Unnamed: 0,chat,instruction,tuples,context.input,context.output,test_path,function
0,Transform first and last names into username,format(): Combine first letter of first name w...,"[{'input': 'john	smith', 'output': 'jsmith'}, ...",First and last names separated by a tab charac...,Username created by combining the first letter...,benchmark-FF-Trifacta-GoogleRefine/example_fil...,format()
1,Extract name of actor/actress,extract(): extract name of actor/actress from ...,[{'input': '* '''1953 [[Meena Kumari]] – ''[[B...,text format containing movie details,extracted name of actor/actress,benchmark-FF-Trifacta-GoogleRefine/example_fil...,extract()
2,Extract character names from wiki-style list,extract(): Extract the character name from the...,[{'input': '* '''1953 [[Meena Kumari]] – ''[[B...,Wiki-style list item containing actor and char...,Character name extracted from the input,benchmark-FF-Trifacta-GoogleRefine/example_fil...,extract()
3,format date of birth,format(): convert YYYYMMDD to MM-DD-YYYY,"[{'input': '19610223', 'output': '02-23-1961'}...",date in YYYYMMDD format,formatted date in MM-DD-YYYY,benchmark-FF-Trifacta-GoogleRefine/example_fil...,format()
4,Extract and format movie titles,transform(): Extract the movie title from the ...,[{'input': '* '''1953 [[Meena Kumari]] – ''[[B...,String containing movie information with title...,Lowercase movie title,benchmark-FF-Trifacta-GoogleRefine/example_fil...,transform()


> TDE-v2 dataset Data Dictionary

- The `chat` field represents a conversation between a user and an AI assistant. It is expected to be the input to the fine-tuned LM.

- The `instruction` field represents a coding instruction with API-style `function` name that specifies the transformation type. It is expected to be the target output from the fine-tuned LM.

- The `tuples` field represents a list of transformation-pairs, which serves as additional few-shot examples to help the fine-tuned LM to understand the user's intention. Each transformation-pair is a list of tuples, where each tuple contains an input and an output. The context of transformation pairs is stored in `context.input` and `context.output` fields, respectively.

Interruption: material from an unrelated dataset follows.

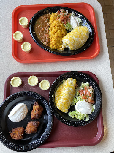 I like how you can order a la carte items too. Such as a single chicken enchilada which comes with sour cream, shredded lettuce and diced tomatoes. Their cheesy burrito platter is one of my favorites. It comes with a huge cheese-covered chicken burrito, rice, beans as well as lettuce and tomatoes. I prefer the yellow sauce over the spicy green sauce.

- `test_path` refers to the original path of the test case in the TDE dataset.



In [12]:
# check duplicates of instruction, and sort it
df_all[df_all.duplicated(subset=['instruction'], keep=False)].sort_values(by='instruction')

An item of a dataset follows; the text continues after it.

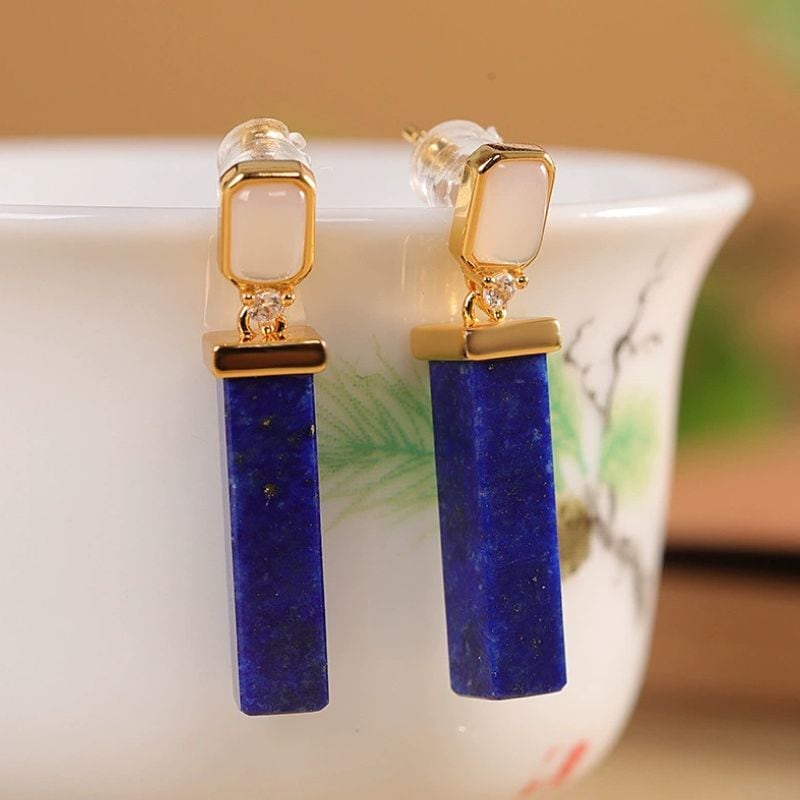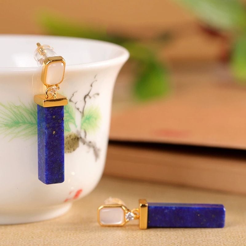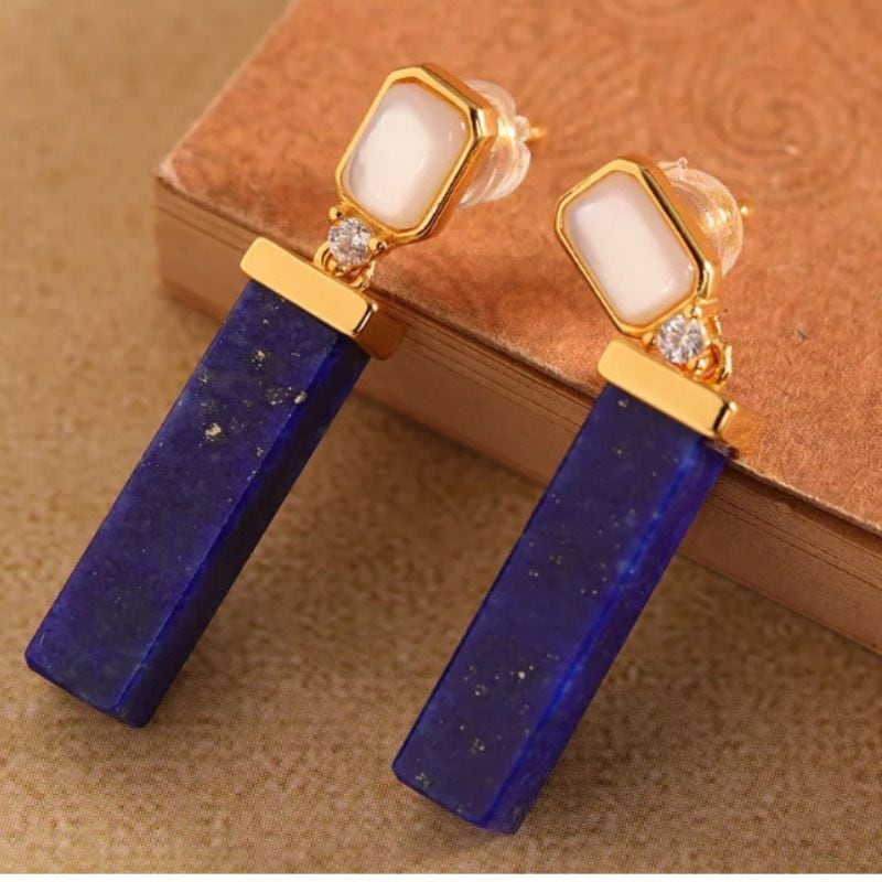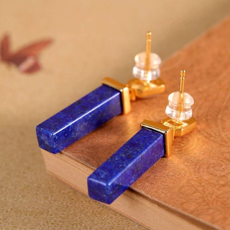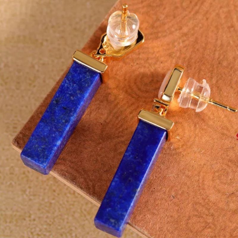 ラピスラズリのピアス - 美しい青と透明の石が耳元で優雅に輝く P206

Unnamed: 0,chat,instruction,tuples,context.input,context.output,test_path,function


In [13]:
# show distribution of function
df_all['function'].value_counts()


extract()             57
unit_convert()        48
format()              45
domain_calculate()    34
transform()           25
domain_map()          17
Name: function, dtype: int64

In [14]:
# count the number of transformation-pairs in tuples
df_all['num_tuples'] = df_all['tuples'].apply(len)
print(df_all['num_tuples'].describe()) 

print("Total number of tuples: ", df_all['num_tuples'].sum())
# show 

count    226.000000
mean       5.575221
std        2.232309
min        4.000000
25%        5.000000
50%        5.000000
75%        5.000000
max       25.000000
Name: num_tuples, dtype: float64
Total number of tuples:  1260


In [15]:

# re arrange columns
df_all = df_all[['test_path', 'chat', 'instruction', 'context.input', 'context.output', 'tuples']]

# sort by test_path
df_all.sort_values(by='test_path', inplace=True)


In [16]:
# export to CSV
df_all.to_csv('../data/TDE-v2/tde-v2-all.csv', index=False)

## Refactor to Alpaca Format

The fine-tuned LM serves as an AI assistant to translate user chat into the target instruction (chat-to-instruction), with the help of transformation-pairs stored in `tuples` field and the context information stored in `context.input` and `context.output` fields.

In [11]:
df_all.columns

Index(['chat', 'instruction', 'tuples', 'context.input', 'context.output',
       'test_path', 'function'],
      dtype='object')

> The number of training pairs in `tuples` field is a hyperparameter to be tuned.


In [30]:
# refactor columns based on Alpaca format
df_alpaca = df_all.copy()

df_alpaca['chat_ctx'] = df_alpaca.apply(
    lambda x: x['chat'] + '\n' +
              'Input: ' + x['context.input'] + '\n' + 
              'Output: ' + x['context.output'],
    axis=1)

split_index = 3
# only keep the first 3 transformation-pairs for training, align with paper setting

df_alpaca['train_pairs'] = df_alpaca['tuples'].apply(lambda x: '\n'.join([f'Input: {t["input"]}\nOutput: {t["output"]}' for t in x[:split_index]])) 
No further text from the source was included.